Results in Physics (Dec 2021)
Analysis on ultrasonic waves generated in anisotropic carbon fiber reinforced plastic laminate by laser incidence from various directions
Abstract
Laser-ultrasonic waves are used in nondestructive inspections because they can be excited on arbitrarily shaped surfaces by irradiation of a pulsed laser from a distance. During the non-contact scanning of a laser, the waveform of excited ultrasonic wave is changed because the incident angle varies substantially. The change of the waveform will be more obvious for carbon fiber reinforced plastics (CFRP) laminates that have anisotropic properties.

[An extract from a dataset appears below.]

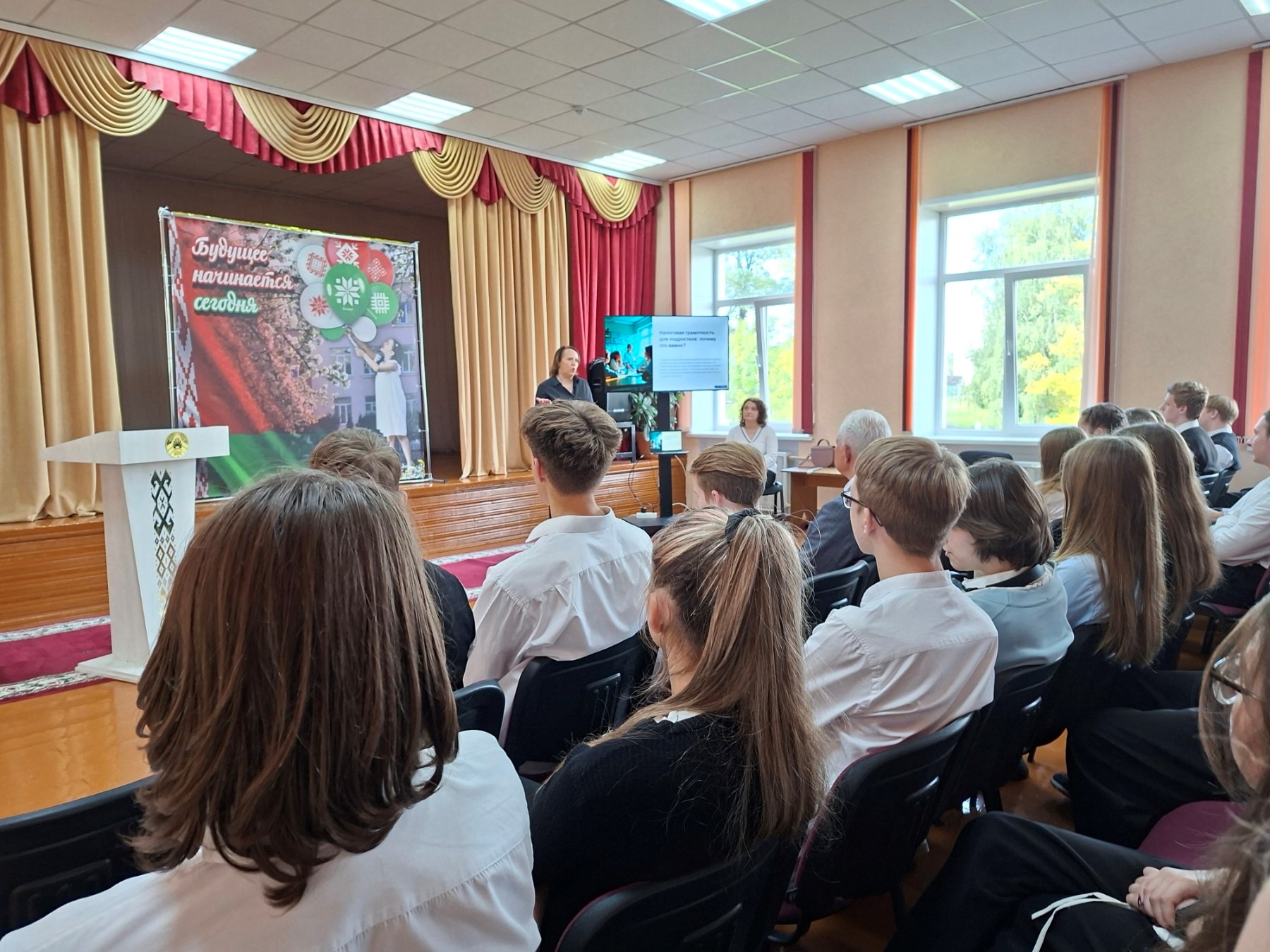9 сентября 2025 г. налоговые консультанты Вера Бакшинова и Ольга Рыжанкова совместно с заместителем начальника управления — начальником отдела налогообложения имущества физических лиц инспекции Министерства по налогам и сборам по Слонимскому району Тарановичем Юрием Юрьевичем провели встречу с учащимися 10–11-х классов средней школы № 5 г. Слонима по вопросам налоговой грамотности.

In order to guarantee the inspection, in this paper, we investigated the generation of ultrasonic waves in CFRP laminates by a laser irradiation with various incident angles and azimuth angles. Firstly, we constructed a simulation model: the thermal force field caused by the laser absorption is derived from a heat conduction equation, and it is introduced into an FEM software for analyzing the propagation behavior of generated ultrasonic waves. Then, the simulation result is compared with an experiment result. Through the FEM analysis, we found that the amplitude of the excited waves has an obvious directivity because of the strong anisotropy in the thermo-elastic property of the CFRP. In addition, the change in propagation behavior in the case of a small incident angle of 30° was found to be inconspicuous. However, when the incident angle of the laser beam is larger than 60°, the directivity pattern changes depending on the azimuth angle. Thus, it is important to control the incident angle and direction when a laser ultrasonic inspection is applied to CFRP structures.